Requirement:
All of the listing, from first line to last, should be output exactly; the pictures stay out.

Available data:
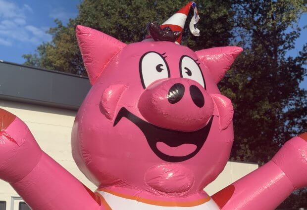 Het prachtige roze Feestvarken is te huur bij elk jubileum van 1 jaar tot 99 jaar.
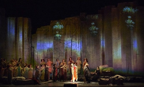 Immerhin fiel dem Regisseur im 3. Akt noch etwas Interessantes ein. Zwar verwässerte sich die Prüfung von Barak und der Färbersfrau, weil sie von etlichen Statisten umzingelt waren. Auch war das regenartig vom Bühnenplafonds rieselnde und damit kaum sichtbare Wasser nicht sehr überzeugend als jenes, dass die Kaiserin verlockenderweise trinken soll. Aber dass wir im Gedanken der beiden Paare schon das jeweils erste Baby sehen und am Ende die sperrige Felswand endlich aufgeht und eine Schar von Kindern mit Kerzen nach vorn kommen lässt – das war dann wieder etwas versöhnlich.
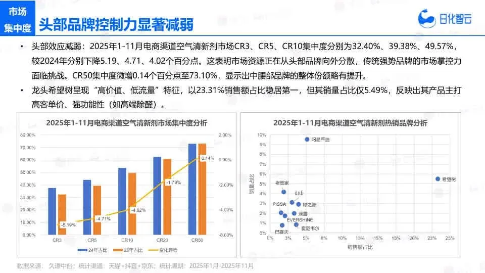- 龙头特征: 希望树以23.31%的销售额占比稳居第一,但其销量占比仅5.49%,凸显其“高价值、低流量”的高端除醛定位。
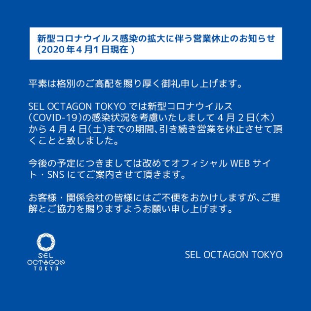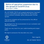 SEL OCTAGON TOKYO will suspend operations from April 2 to 4 in accordance
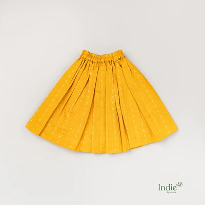 Off White And Mustard Raw Silk Scalloped Top And Skirt

Task answer:
 Het prachtige roze Feestvarken is te huur bij elk jubileum van 1 jaar tot 99 jaar.
 Immerhin fiel dem Regisseur im 3. Akt noch etwas Interessantes ein. Zwar verwässerte sich die Prüfung von Barak und der Färbersfrau, weil sie von etlichen Statisten umzingelt waren. Auch war das regenartig vom Bühnenplafonds rieselnde und damit kaum sichtbare Wasser nicht sehr überzeugend als jenes, dass die Kaiserin verlockenderweise trinken soll. Aber dass wir im Gedanken der beiden Paare schon das jeweils erste Baby sehen und am Ende die sperrige Felswand endlich aufgeht und eine Schar von Kindern mit Kerzen nach vorn kommen lässt – das war dann wieder etwas versöhnlich.
- 龙头特征: 希望树以23.31%的销售额占比稳居第一,但其销量占比仅5.49%,凸显其“高价值、低流量”的高端除醛定位。
 SEL OCTAGON TOKYO will suspend operations from April 2 to 4 in accordance
 Off White And Mustard Raw Silk Scalloped Top And Skirt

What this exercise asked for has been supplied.